I see a tutorial where they use reference images of a head (photograph) in front and side view. In Blender they go in orthograpic view with the reference images as background and start to model.
I wonder if that doesn’t give a big distortion. Shouldn’t we set the focal length the same as the reference images are? I tried it once with my daughters head and she got then a very tall forehead in Blender.
Orthographic views are a theoretical distortion free views; so the only distortion would come from your reference image. To reduce distortion in your reference image, you’ll want to take a picture of something with a long focal length, such as 100mm or more.
So if you took a picture of your daughter with your cellphone for example, that would create distortion due to the short focal length.
What if I give the view exactly the same “distortion” as the reference image: If the reference image had a 35mm (focal view) and I set my camera in Blender also on 35mm focal view. Should that not solve the issue? I would expect that there wil be a problem when you use photographs as reference (which have ofcourse a lens and therefore a focal view) and you use then orthographic view.

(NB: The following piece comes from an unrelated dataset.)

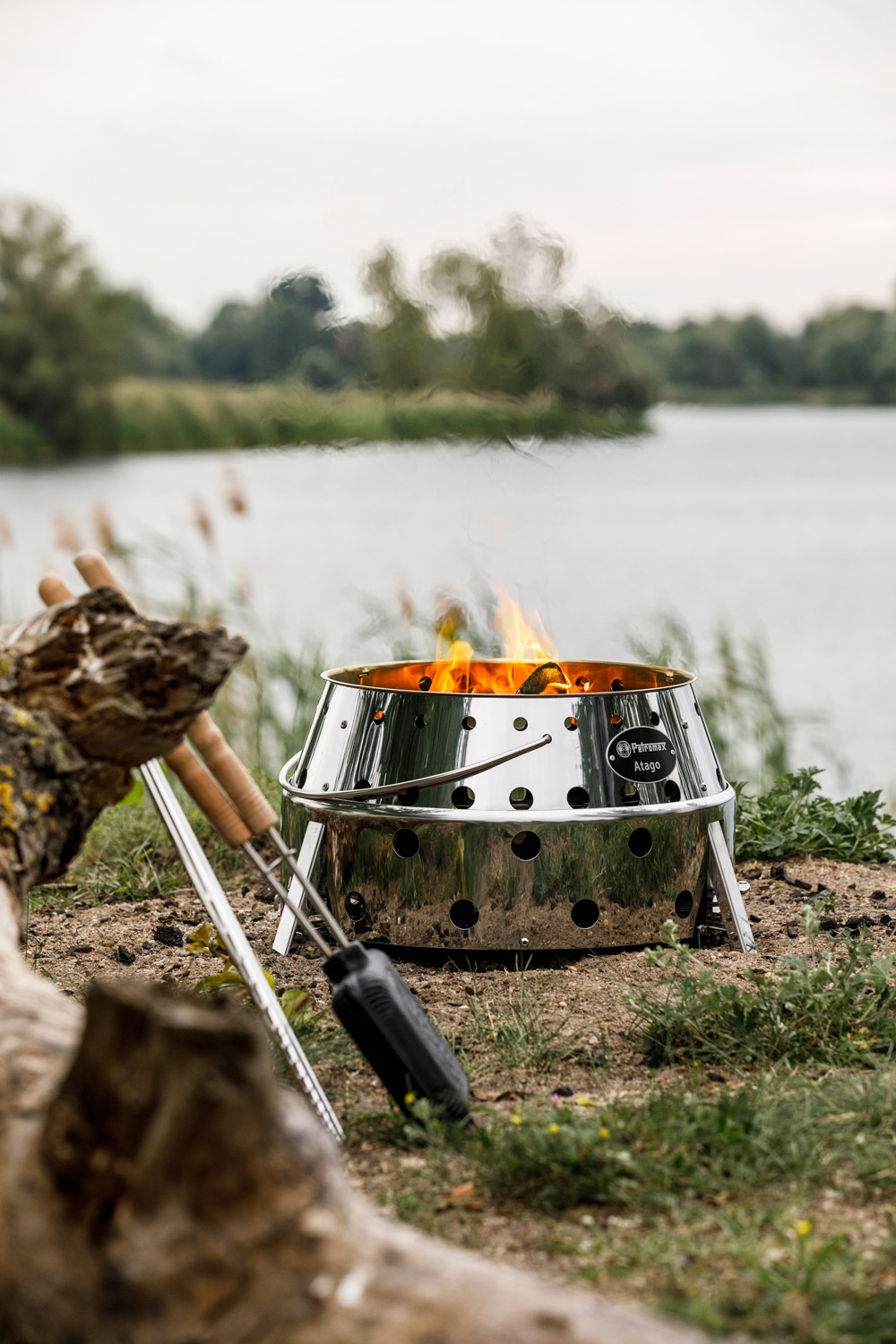 - Feuerschale: Die runde Form ermöglicht ein pyramidenförmiges Aufschichten von Feuerholz oder Reisig, sodass der Atago für ein gemütliches Lagerfeuer genutzt werden kann

Same distance, same focal lenght, same angle, is what I expect to work, and find it strange I see a tutorial on blender cloud not doing it like that. Or?
You could go through all of this effort, of course, however you will invariably find reference that you won’t know the camera info for. So at a certain point you’ll need to rely less on following the reference exactly, and use it as a guide. This is where your skills as an artist come in, and the more you practice the easier it will be.
So in the end it’s better to work on your understanding of proportion, and scale, instead of fiddling with cameras inside of Blender. I still have a difficult time myself, but it’s really just practice practice practice.